Results: The assay demonstrated a high background signal in CSF, which increased and corresponded with higher total immunoglobulin G (IgG) concentration in CSF (r_sp = 0.51, p = 0.02). Assay levels were not elevated in CAA-RI patients (n = 6) compared to non-CAA controls (n = 20; p = 0.64). Literature review indicated only occasional presence of B-lymphocytes and plasma cells (i.e., antibody-producing cells), alongside the abundant presence of activated microglial cells, T-cells, and other monocyte lineage cells. CSF analysis did not convincingly indicate intrathecal IgG production.
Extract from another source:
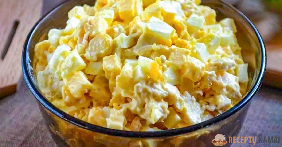Salotas užpilame majonezu ir patiekiame į stalą.

Interpretation: We were unable to reproduce the reported elevation of anti-Aβ autoantibody concentration in CSF of CAA-RI patients. Our findings instead support nonspecific detection of IgG levels in CSF by the assay. Reviewed CAA-RI case reports suggested a widespread cerebral inflammatory reaction. In conclusion, our findings do not support anti-Aβ autoantibodies as a diagnostic biomarker for CAA-RI.

Figure 1

Quantified immunoassay concentration in control subjects and patients. Displayed are the quantified immunoassay concentrations (ng/mL) in the cerebrospinal fluid (CSF) of control subjects (n = 20), cerebral amyloid angiopathy‐related inflammation (CAA‐RI) patients (n = 6), and subjects that participated in the AN1792 active amyloid‐β (Aβ) immunization trial (n = 4). CSF from one subject who received placebo treatment (open triangle) was not included in the analysis of variance (ANOVA). Concentrations were similar for all three groups (p = 0.64; ANOVA). Mean values and standard deviations are indicated. The legend indicates center of origin for CAA‐RI samples and the treatment type for AN1792 trial participants. Sample numbers for the latter are specified in the figure. The anti‐Aβ plasma titers for these samples were: 1707 for sample #1, 142 for samples #2 and #3, 0 for sample #4.

Figure 2

Relationship between quantified immunoassay concentrations and total immunoglobulin G levels in cerebrospinal fluid of control subjects. (A) Quantified immunoassay concentrations (ng/mL) in the cerebrospinal fluid (CSF) of control subjects with normal (<30 mg/L; n = 11) or elevated (≥30 mg/L; n = 10) total immunoglobulin G (IgG) CSF levels. Quantified immunoassay concentrations were increased in subjects with elevated total IgG levels (p = 0.04; t‐test). Asterisk indicates a significant p value. Mean values and standard deviations are indicated. (B) Spearman's correlation (r _sp) between quantified immunoassay concentrations and total IgG levels in the CSF of control subjects. A positive correlation was observed (r _sp = 0.51, p = 0.02).